As @Alcaro suggests, you should use either a correct string-to-double parser or a big number library to compute the result with no loss of precision.

Or, you can manually check the results, for example by asking Wolfram Alpha to compute the correct results, like (1) typing something like binary(1988012400000122 * 10^-8), (2) obtain the binary significand and the binary exponent, and (3) compare them to your original number.

Or, you could just write 1988012400000122e-8 to your source code to let your compiler to do the conversion. If the compiler is not buggy, it will give you the correct double.

rpopescu commented 2 years ago

Right, I got it finally - as I noted above, the precision is lost sometimes (because the reasons you've enumerated), but this can be avoided by using e.g. gmplib, as strtod does. Thank you everyone. @jk-jeon perhaps a note of caution regarding achieving the roundtrip in the documentation would be useful, to keep others as naive as me from assuming the basic multiplication would work.

jk-jeon commented 2 years ago

See this for example:

https://godbolt.org/z/heoGqaGrT

jk-jeon commented 2 years ago

@jk-jeon perhaps a note of caution regarding achieving the roundtrip in the documentation would be useful, to keep other from assuming the basic multiplication would work.
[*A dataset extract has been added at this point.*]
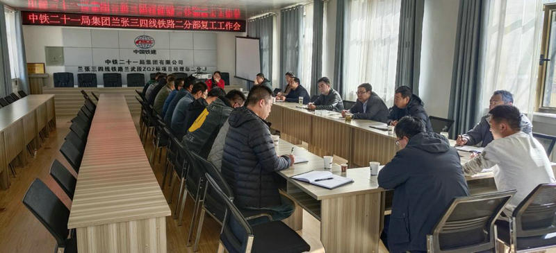 2月21日,中鐵二十一局四公司蘭張三四線鐵路項目部召開以“防疫情、搶工期、趕進度、保目標”為主題的復(fù)工工作會議,公司副總經(jīng)理、項目經(jīng)理趙平華出席會議,項目部全體管理人員參會。

Okay I'll consider adding it.

rpopescu commented 2 years ago

Thanks again. Actually, one more question @jk-jeon - what is the source of error when inverting the result when the exponent is negative? From what I can see, this results in packed xor; below is the code for the function double f(double d) { return -d; }

.LCPI0_0:
        .quad   0x8000000000000000              # double -0
        .quad   0x8000000000000000              # double -0
f(double):                                  # @f(double)
        xorps   xmm0, xmmword ptr [rip + .LCPI0_0]
        ret
jk-jeon commented 2 years ago

I thought by "inverting" you mean taking the reciprocal. Did you mean inverting the sign?

rpopescu commented 2 years ago

Yes, that’s what I was doing, negating the value if is_negative, which from my understanding of the representation would simply flip a bit, right? Anyway thanks again for the clarification!

Alcaro commented 2 years ago

Yes, as you can see in that assembly snippet, negating a float or double is just a bit flip.

rpopescu commented 2 years ago

Yes, as I said it’s a bit flip and hence my confusion about the possible precision loss, but it’s been clarified. Thanks for the heads up - replied by email and signature got added :-)

jk-jeon commented 2 years ago

Addressed in 1c7596b1c77eeeb3e656b8a8ba7356e013668e0e.